We are looking for a Research Engineer to join our MOE AcRF Tier 1 funded research project at the Singapore Institute of Technology. You will be part of an interdisciplinary team spanning accounting and NLP/AI, working to design, build, and validate a pipeline that detects inconsistencies and contradictions between firms' written financial filings (10-K/10-Q) and spoken earnings call transcripts. The role involves implementing retrieval-augmented natural language inference models and LLMs, processing large-scale financial text data, and supporting empirical analysis of contradiction scores.
---
Job Responsibilities
- Drive the technical execution of the research project under the guidance of the PI and Co-PI, ensuring project deliverables and timelines are met.
- Design and implement the retrieval-augmented NLI pipeline for inconsistency and contradiction detection across corporate disclosures (earnings call transcripts and SEC filings).
- Perform large-scale text preprocessing, cleaning, segmentation, and indexing of earnings call transcripts and financial filing corpora.
- Implement claims extraction modules using LLM-based approaches to identify key assertions from corporate disclosures.
- Build semantic retrieval mechanisms (e.g., Sentence-BERT embedding similarity search) for matching claim-context pairs across disclosure channels.
- Implement and evaluate contradiction detection models using NLI frameworks and LLM prompting techniques.
- Aggregate model outputs into firm-quarter level scores and prepare structured datasets for empirical analysis.
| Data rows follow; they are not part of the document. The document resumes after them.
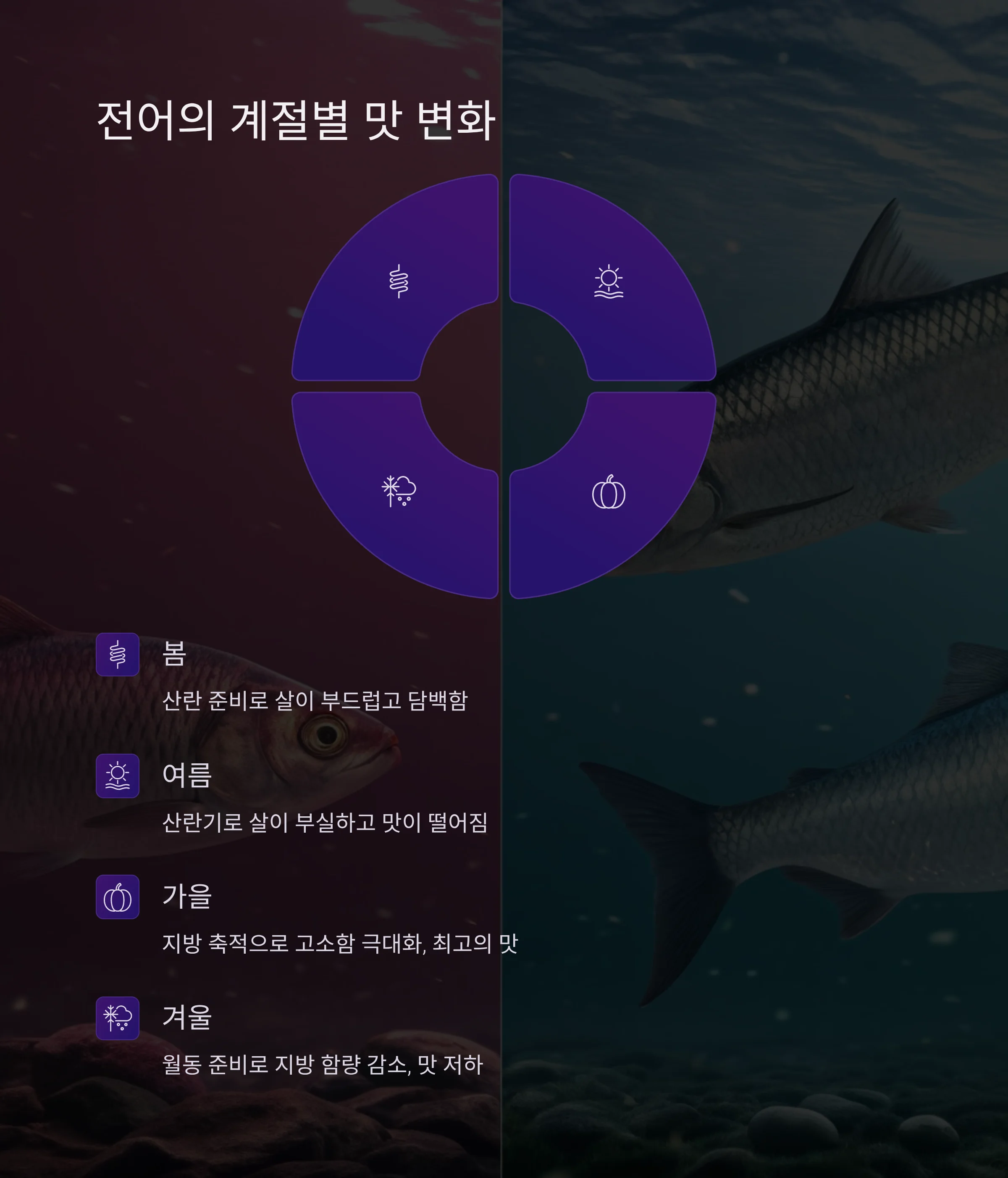 지방 함량은 여름보다 가을이 2배 이상 높아져 입안에서 녹는 듯한 식감을 자랑합니다.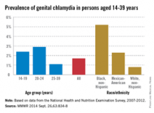 The prevalence of chlamydia infection for all women aged 14-24 years was higher than the national average, despite being “the population targeted for routine screening” of the disease, the CDC said. The overall rate of chlamydia prevalence in women aged 14-24 years was 4.7%, with non-Hispanic blacks reporting a prevalence of 13.5%, Mexican-Americans of 4.5%, and non-Hispanic whites of 1.8%.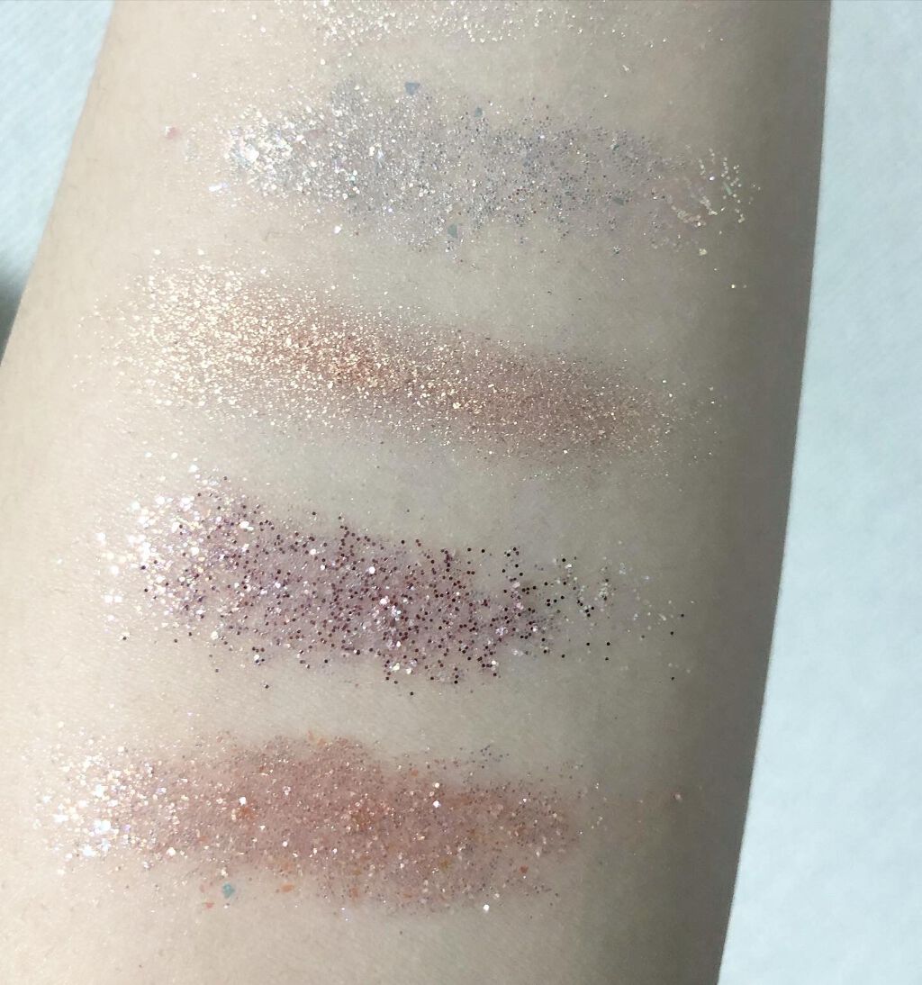 アディクションのアイシャドウです☺️💓手にのせている順番は上から67番プライベートビーチ68番ノスタルジア69番フラッシュバック90番ハーフムーン99番ミスユーモアです🤗💓キラキララメラメアイシャドウベースをしっかりつけるとラメも飛びませんそ...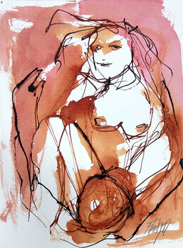 In diesem Werk habe ich rohe Emotionen durch lockere Linien und warme Aquarellfarben eingefangen und die menschliche Form auf eine Weise eingefangen, die sich sowohl intim als auch ausdrucksstark anfühlt. Der Tanz zwischen Bleistift, Tinte und Aquarell erzeugt eine dynamische Spannung, die Verletzlichkeit und Stärke verkörpert. Dieses Kunstwerk erfüllt Ihren Raum mit leidenschaftlicher Energie und einem Gefühl tiefer menschlicher Verbundenheit.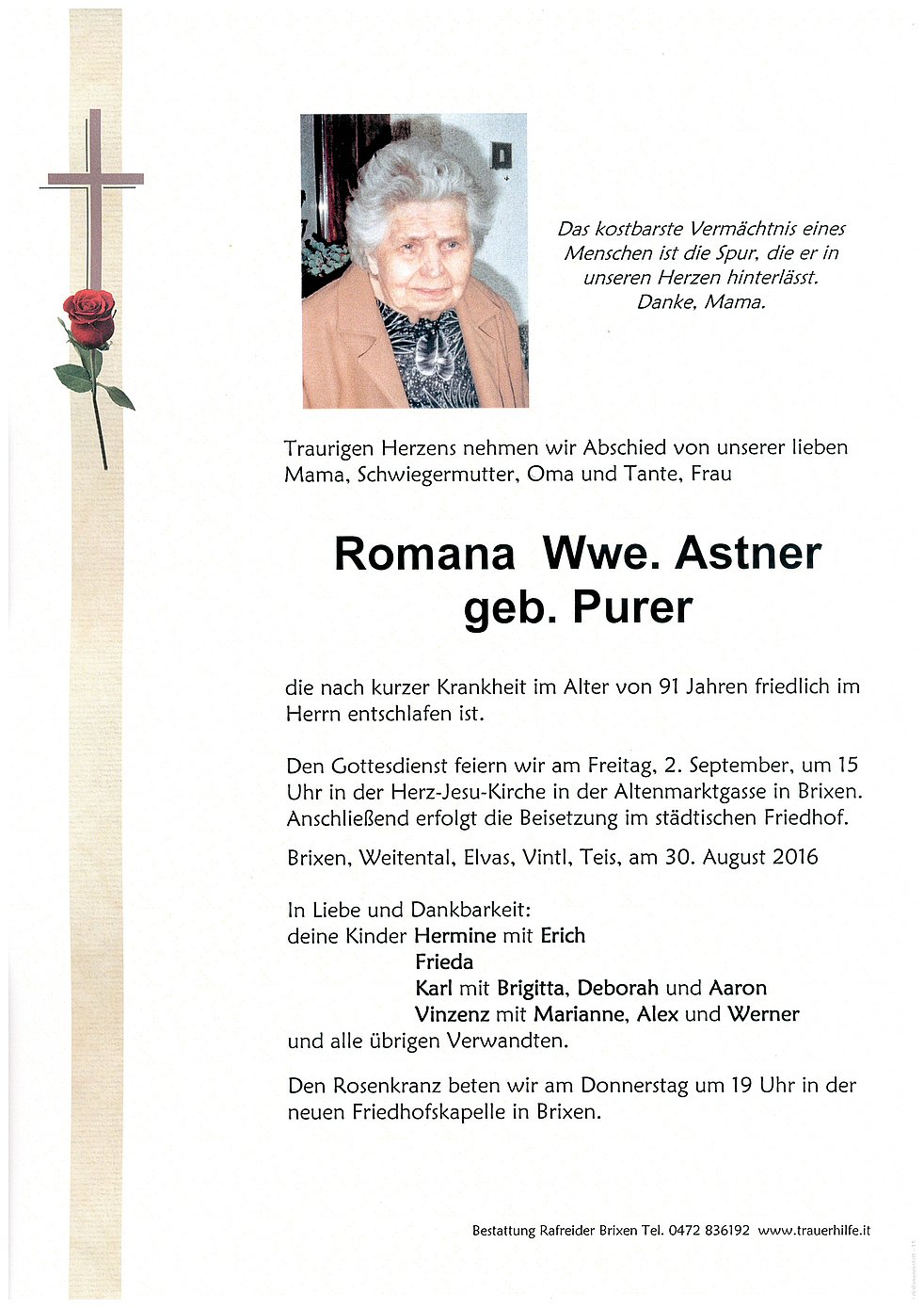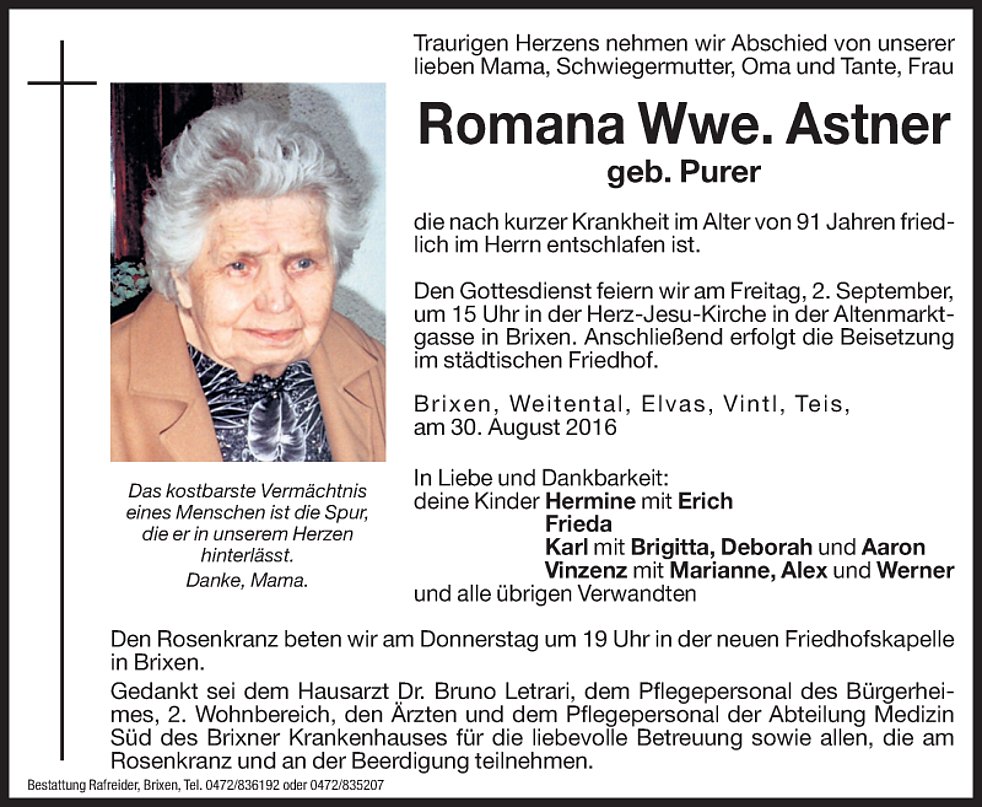 Gedankt sei dem Hausarzt Dr. Bruno Letrari, dem Pflegepersonal des Bürgerheimes, 2. Wohnbereich, den Ärzten und dem Pflegepersonal der Abteilung Medizin Süd des Brixner Krankenhauses für die liebevolle Betreuung, sowie allen, die am Rosenkranz und an der Beerdigung teilnehmen.

- Support human-in-the-loop validation by coordinating with student annotators and preparing annotation guidelines.
- Maintain reproducible research workflows using version control (Git) and systematic documentation of processes, code, and findings.
---
Job Requirements
- Bachelor’s degree or Master’s degree in Computer Science, Information Systems, Data Science, Artificial Intelligence, or a closely related field.
- Strong programming skills in Python, with experience in relevant libraries such as HuggingFace Transformers, PyTorch/TensorFlow, and scikit-learn.
- Prior experience or coursework in natural language processing, machine learning, or information retrieval.
- Familiarity with version control tools (e.g., Git/GitHub) and collaborative development practices.
- Experience with financial data or financial text analysis will be advantageous.
- Familiarity with LLM APIs, prompt engineering, and retrieval-augmented generation (RAG) workflows will be advantageous.
- Good communication skills and ability to work both independently and collaboratively.